Records from a data collection:
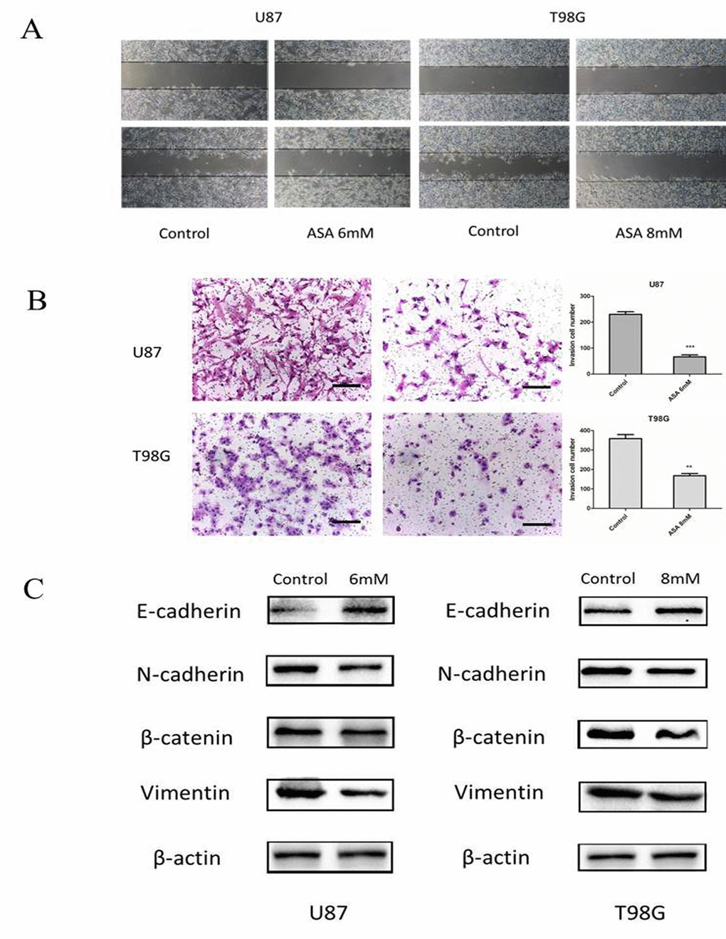 U87 and T98G cells were seeded into the 6-well plates until more than 70% of confluent growth. The cells were manually scratched with a sterile pipette tip, washed with PBS, and replaced with serum-free culture medium. Photographs of the scratch-wound gap were taken at 0 and 24 h by an Axiovert 200 microscope (Carl Zeiss). For each well, at least three different fields along the scratch were analyzed in triplicate. Invasion assays were done in a 24-well Transwell chamber (Corning). Briefly, aspirin treated cells were plated in the upper chamber of Matrigel-coated well, 1 × 105 cells seeding in 200 μL of serum-free medium. 500 μL medium containing 12% FBS was added to the lower part of the chamber. After incubation for 24 h, the cells on the upper surface of the membrane were removed and the filter on the lower surface of the chamber was fixed with methanol for 20 min and stained with hematoxylin-eosin for 5 and 1 min and quantified under a microscope.
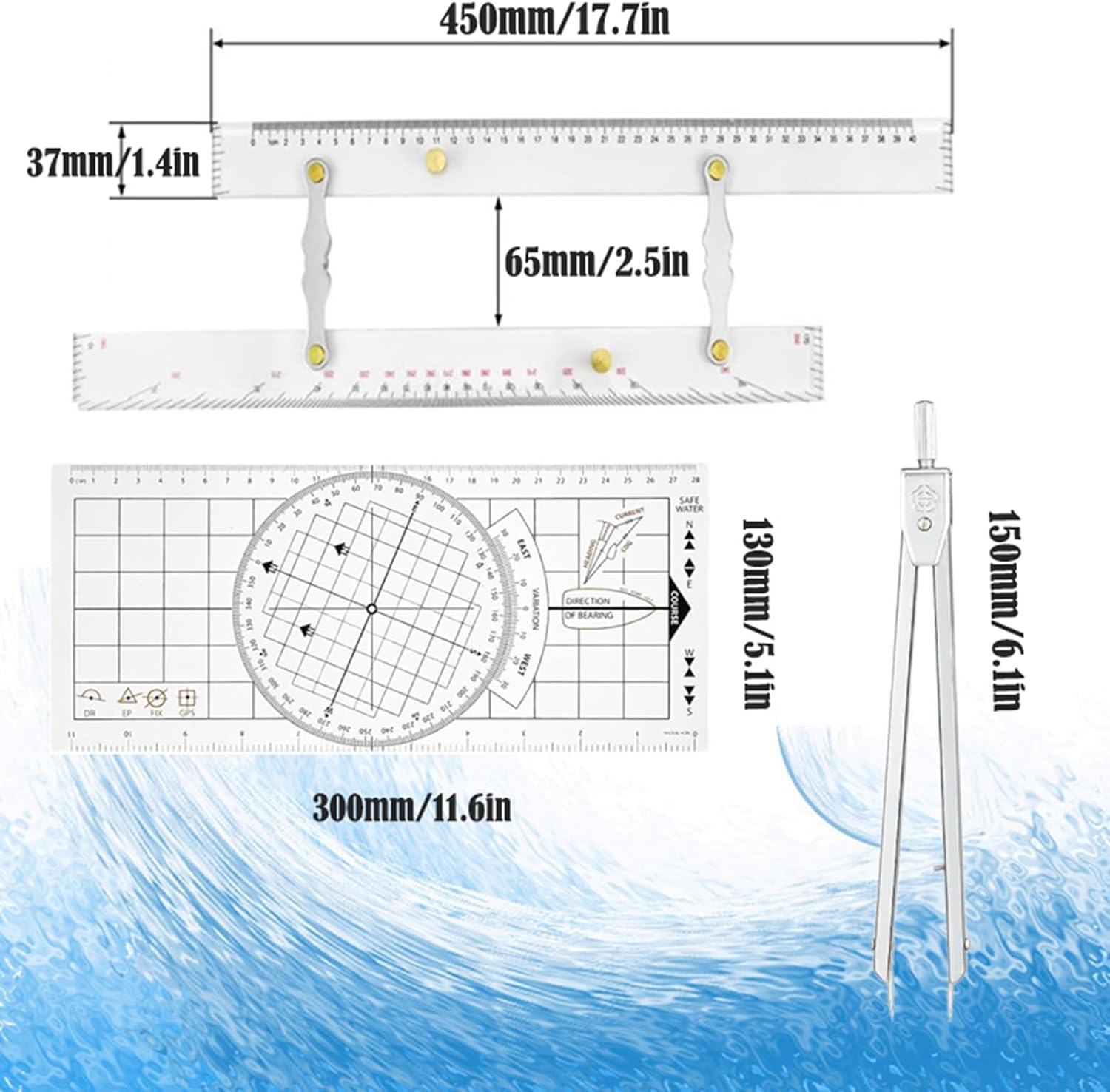3 Pcs Basic Navigation Set includes 16 Inch Marine Parallel Ruler,Nautical Protractor and 6 Inch Marine Fixed Points Divider for Boat, it helps you efficiently complete drawing, measuring, and marking,Marine Parallel Ruler made of 0.18-inch-thick acrylic, it features high transparency and clear scale, which facilitates observation and operation. Nautical Protractor made of transparent PVC, with clear and non-easily-damaged details, it is reusable.
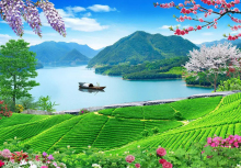 覆膜防水纸画郁金香公园山水风景瀑布画现代装饰画纸制墙贴画年画
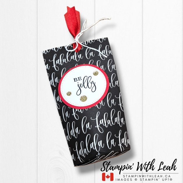This one features the striking black-and-white pattern from the Modern Christmas DSP. I paired it with the Real Red Shiny Ribbon (currently on the Last Chance List!), White Baker’s Twine, and a tag created with the 1-7/8″ Circle Punch and Stylish Shapes circles.
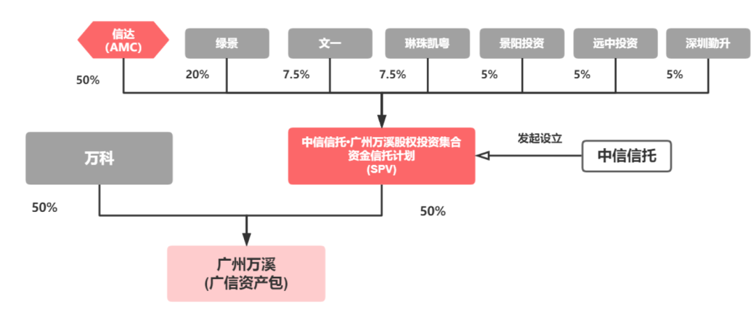 2020年6月萬科發布《關于廣信資產包引入戰略合作的公告》,采用“股權+債權”的交易方式,將廣信資產包以8.33折(390.4/470.4)出讓50%的權益予以信達在內的七位戰投,整體回籠資金390.4億元。交易完成后,萬科和綠景負責廣信資產包的整理與開發,其他五位戰投充當財務投資者。而信達收購廣信資產包25%的權益,將進行債務重組、追加投資來盤活不良資產,同時作為戰投提供資金的同時,能按照股權比例獲得相應的經營收益。
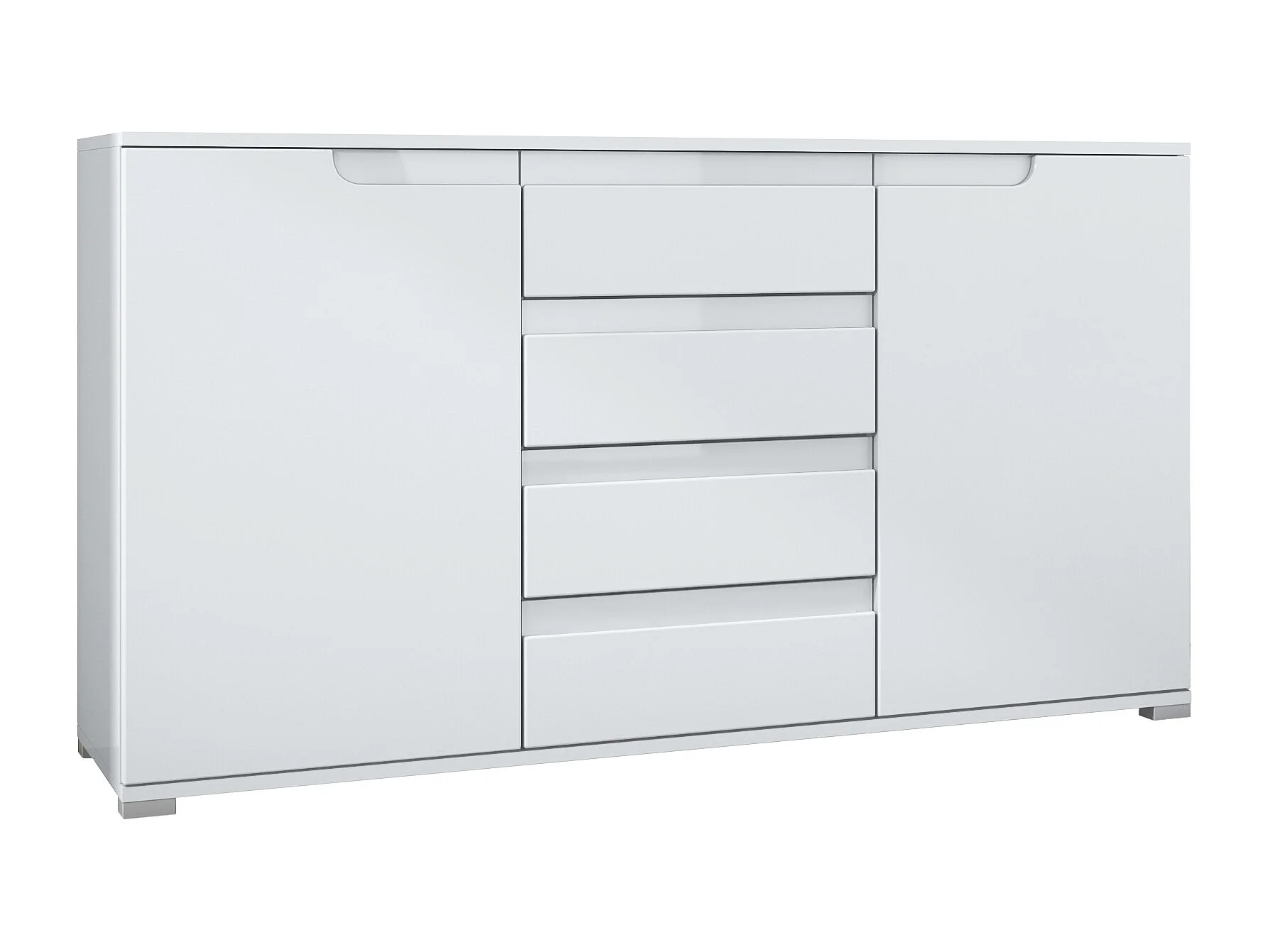 Buffet Dressoir Sylt, Corps en Noir mat / Façades en blanc mat avec un decor en blanc haute brillance (139 x 72 x 35)
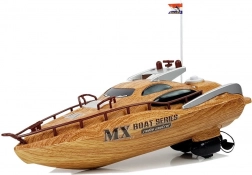 Jednodielny plastový trup zabezpečuje spoľahlivú vodotesnosť, takže sa môžete sústrediť iba na jazdu. Dva výkonné motory dodávajú člnu dynamiku na rýchle štarty aj obratné manévre. Ovládač v tvare kormidla pracuje na frekvencii 27 MHz a s výsuvnou anténou poskytuje istý dosah až 40 m.
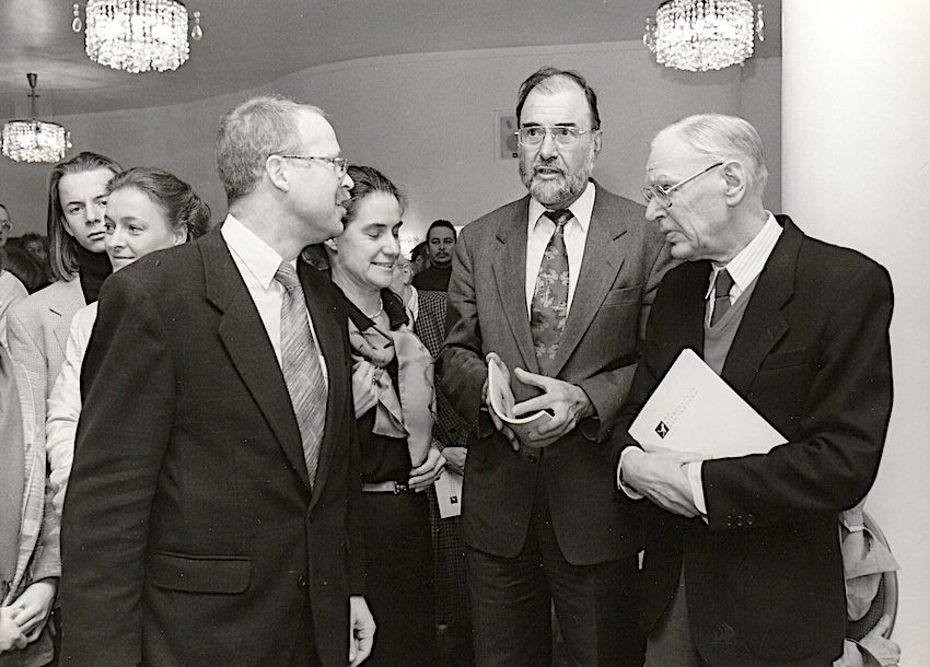 Kunstvereinsvorsitzender Hans-Georg Sehrt (li.) mit Oberbürgermeister Klaus Rauen und Werner Tübke (re.) bei der Ausstellungseröffnung – Fotos: Eberhard Garbe
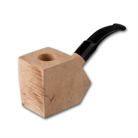 Die Pfeife zum Selberschnitzen. Die Bohrungen sind durchgeführt und das Acrylmundstück ist bereits fertig angepasst, 9mm Filter.Kantel-Formen nach Anfall.
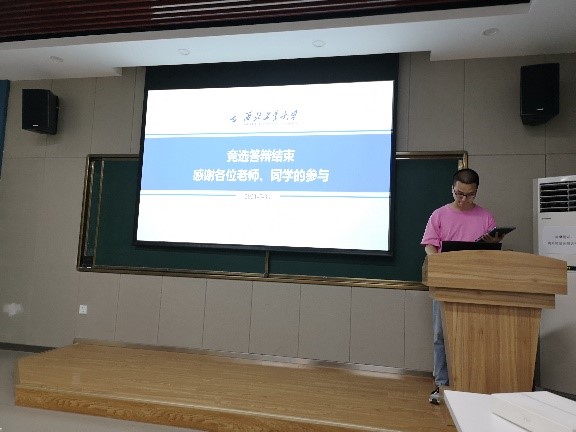 那依力老师首先对参辩同学表示了肯定,总结了每位同学答辩的优点;其次提出了答辩中出现的一些问题,如提交的个人材料不规范、答辩内容未涉及团委现存问题及解决方案等;最后那依力老师对日后的团委工作进行了展望。
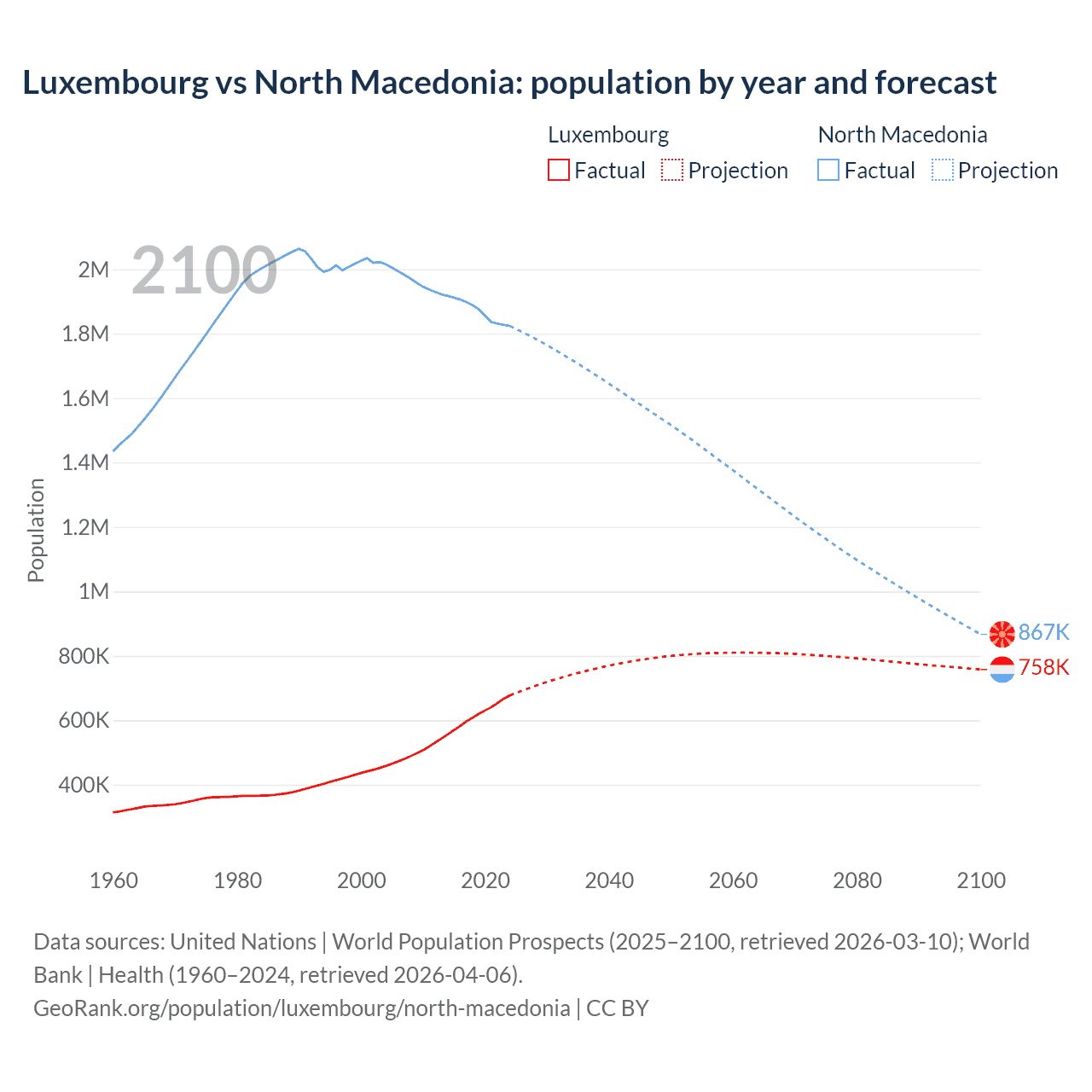 The latest officially reported population of Luxembourg was 677,012 in 2024 vs 1,824,359 people in North Macedonia in 2024. In 2026, based on the adjusted UN estimation, the current Luxembourg's population is 693,885 people compared to 1,805,954 in North Macedonia.
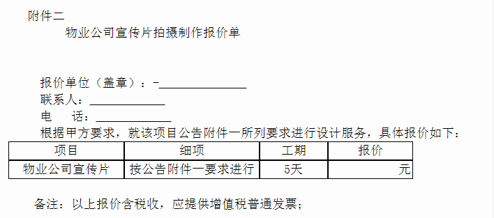二、比選項目名稱:物業(yè)公司宣傳片拍攝制作
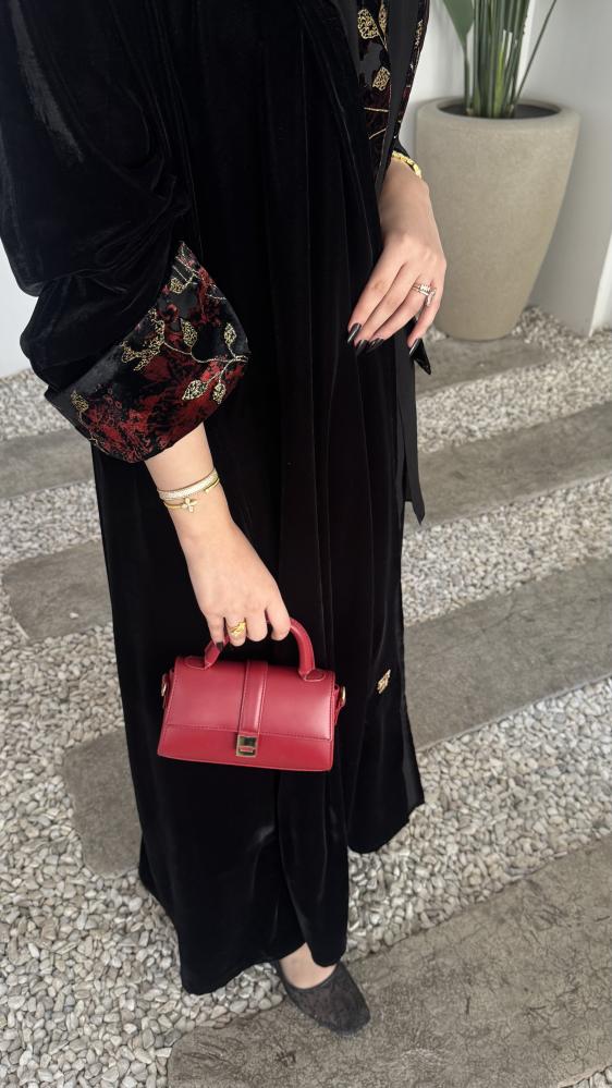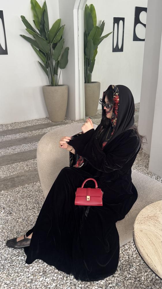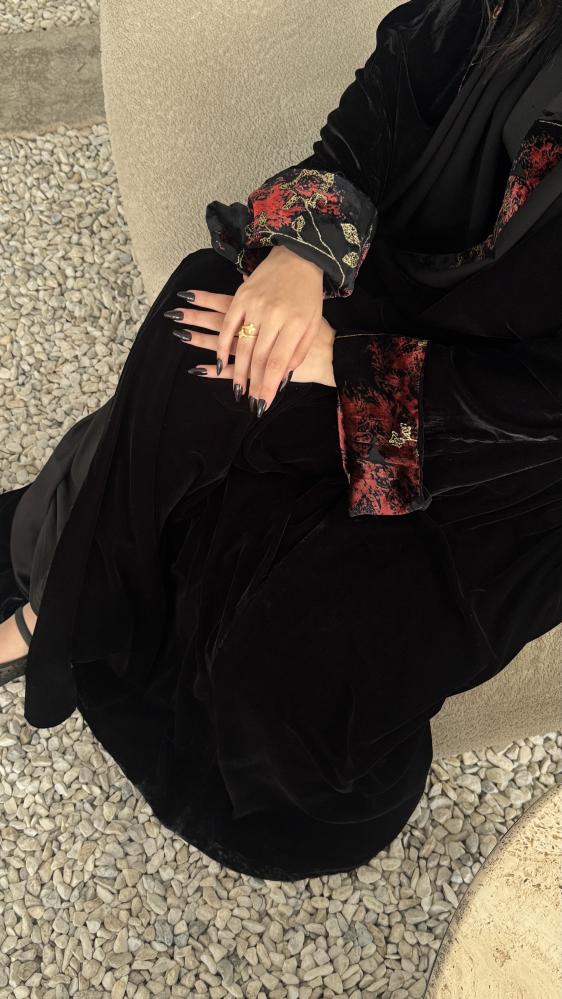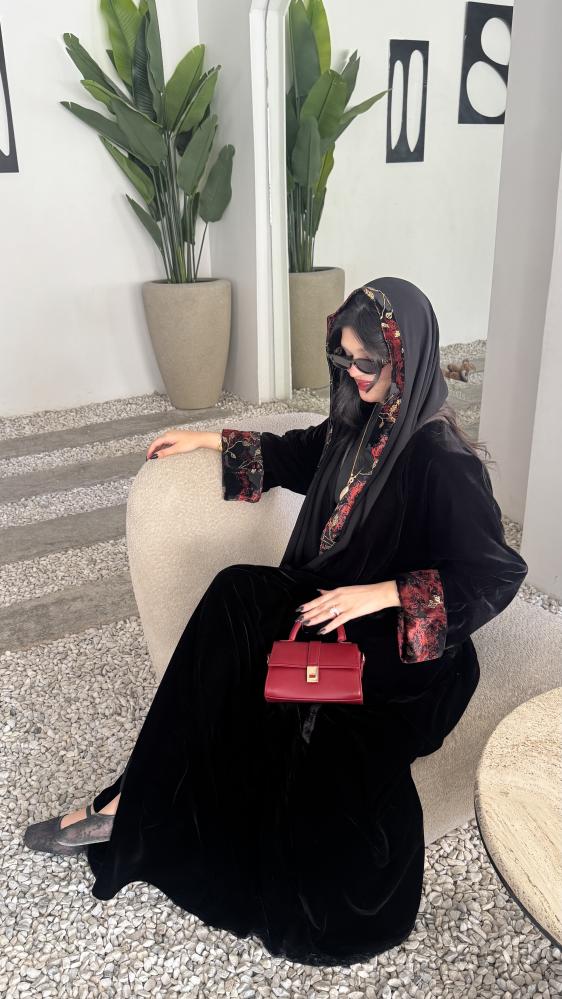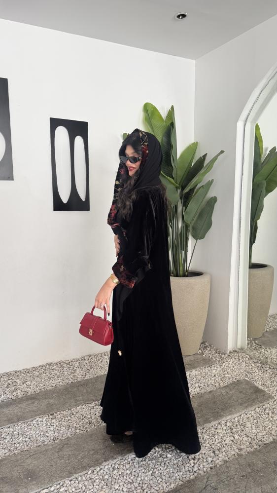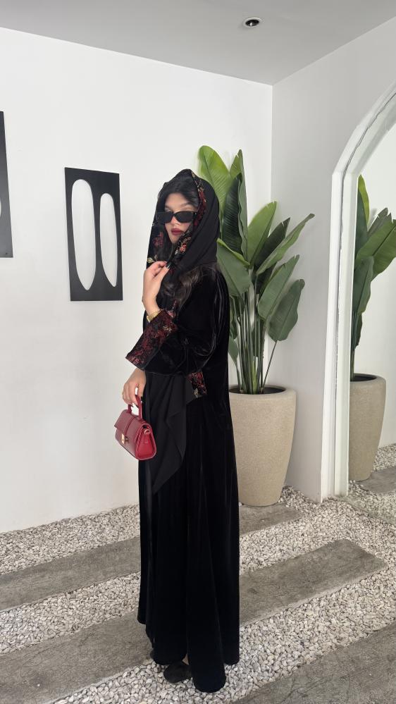 - الموديل: العباية نص كلوش، والأكمام مبطنه بالمخمل الشيفون طرف الطرحة الطويل من نفس قماش الأكمام.

**TASK PROMPT:** Please transcribe, with no additions, the lines starting at the one that contains "The latest officially" and running through the last line of the entries, inclusive. Leave the pictures out.

**RESULT FOR THIS TASK:**
 The latest officially reported population of Luxembourg was 677,012 in 2024 vs 1,824,359 people in North Macedonia in 2024. In 2026, based on the adjusted UN estimation, the current Luxembourg's population is 693,885 people compared to 1,805,954 in North Macedonia.
二、比選項目名稱:物業(yè)公司宣傳片拍攝制作
 - الموديل: العباية نص كلوش، والأكمام مبطنه بالمخمل الشيفون طرف الطرحة الطويل من نفس قماش الأكمام.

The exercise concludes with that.